Sudden stalls often follow a transition (new school year, a move, an illness) or a jump to a harder skill level. They can also signal that the current goals have been met but not formally updated. Give it two to three weeks for a transition-related dip to resolve, but if it continues, bring your observations to the SLP with specific examples.

Sources

  1. ASHA, Documentation in Health Care Settings: ASHA recommends that SLPs use measurable outcomes and regularly review whether goals remain appropriate for the client.
  2. ASHA, Childhood Apraxia of Speech Evidence Map: Childhood apraxia of speech responds to motor-based treatment approaches and does not respond well to traditional articulation therapy.
  3. Murray, E. et al., American Journal of Speech-Language Pathology, 2015: Children with apraxia of speech tend to need high-intensity practice, often multiple sessions per week or structured daily home practice, to make gains.
  4. Schreibman, L. et al., Journal of Clinical Child and Adolescent Psychology, 2015 (NDBI review): Naturalistic developmental behavioral interventions (NDBIs) for autism show strong evidence for communication gains, typically measured over 6 to 12 months.
  5. Roberts, M. & Kaiser, A., American Journal of Speech-Language Pathology, 2011: Parent-implemented language intervention is effective at accelerating language outcomes in young children with language delays.
  6. ASHA, ProFind Clinician Directory: ASHA's ProFind directory allows families to search for certified SLPs by specialty and location.
  7. U.S. Department of Education, IDEA Individuals with Disabilities Education Act: Under IDEA, children with qualifying disabilities are entitled to FAPE including speech therapy; parents may request an IEE at public expense if they disagree with the school's assessment. Part C covers early intervention for children under age 3.
  8. Rescorla, L., Journal of Speech Language and Hearing Research, 2009: Many late talkers under age 3 catch up without intervention; the evidence on watchful waiting versus immediate therapy is mixed.

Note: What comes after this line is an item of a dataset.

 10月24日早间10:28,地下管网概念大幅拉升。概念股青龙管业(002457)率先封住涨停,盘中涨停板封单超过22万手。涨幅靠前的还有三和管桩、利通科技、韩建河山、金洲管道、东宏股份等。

  9. AAP, Developmental Surveillance and Screening Policy Statement: The AAP recommends referral for evaluation if a child has fewer than 50 words or no two-word combinations by 24 months.
  10. Law, J. et al., Cochrane Database of Systematic Reviews, 2003 (speech and language therapy for children with primary speech and language delay): For mild to moderate phonological disorders, measurable improvement is generally seen within 20 to 30 therapy hours; developmental language disorder requires long-term management.

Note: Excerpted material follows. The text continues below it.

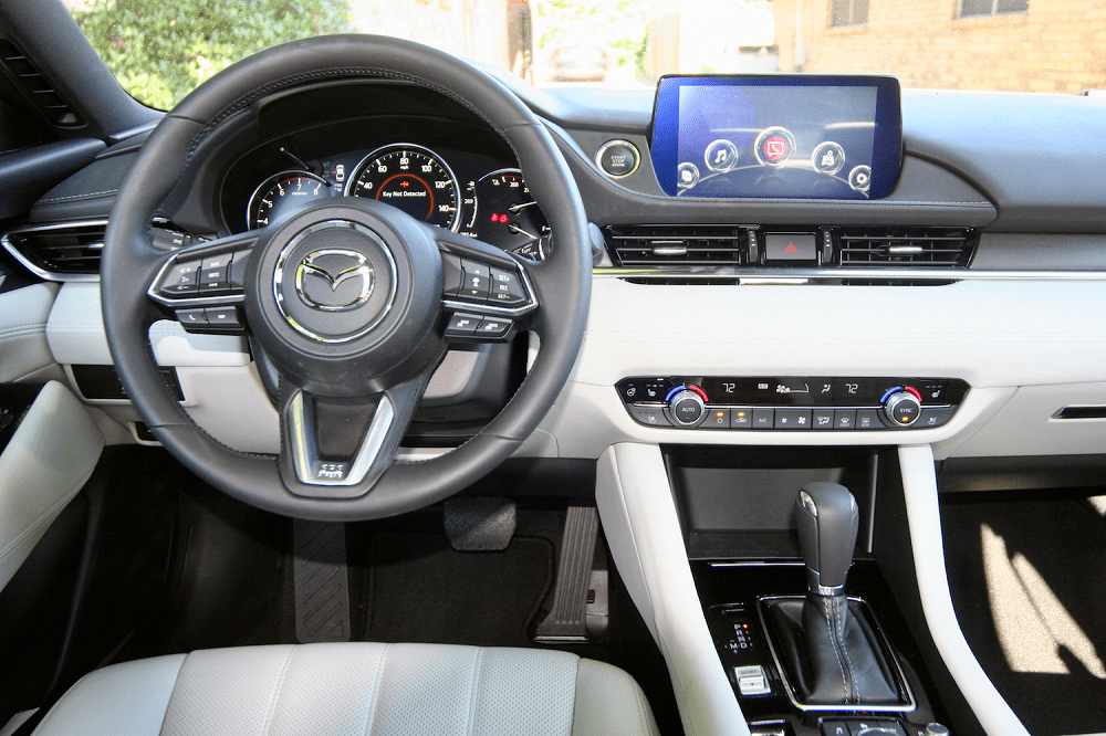 An 8-inch infotainment touchscreen hosts Mazda Connect with a rotary controller on the center console. The system supports standard Android Auto and Apple CarPlay but overall the graphics could use an update. While maps also look slightly outdated, they’re not terribly offending and can go full-screen. However, I was not expecting the fuzzy resolution of the backup camera. Certainly the Mazda6 deserves better. In terms of audio, the top three trims deliver a great sounding 11-speaker Bose sound system.

  11. Autism Speaks, Insurance Coverage by State: Many states have autism insurance mandates requiring coverage of speech therapy for children with autism; ERISA self-funded plans often are exempt from state mandates.
  12. CMS, Medicaid EPSDT Program: Medicaid covers speech therapy for children under EPSDT without the same limits that commercial insurance often imposes.
  13. ASHA, Augmentative and Alternative Communication Position Statement: ASHA's position is that AAC should be considered for any child who cannot meet daily communication needs through speech alone, and that AAC use does not prevent speech development.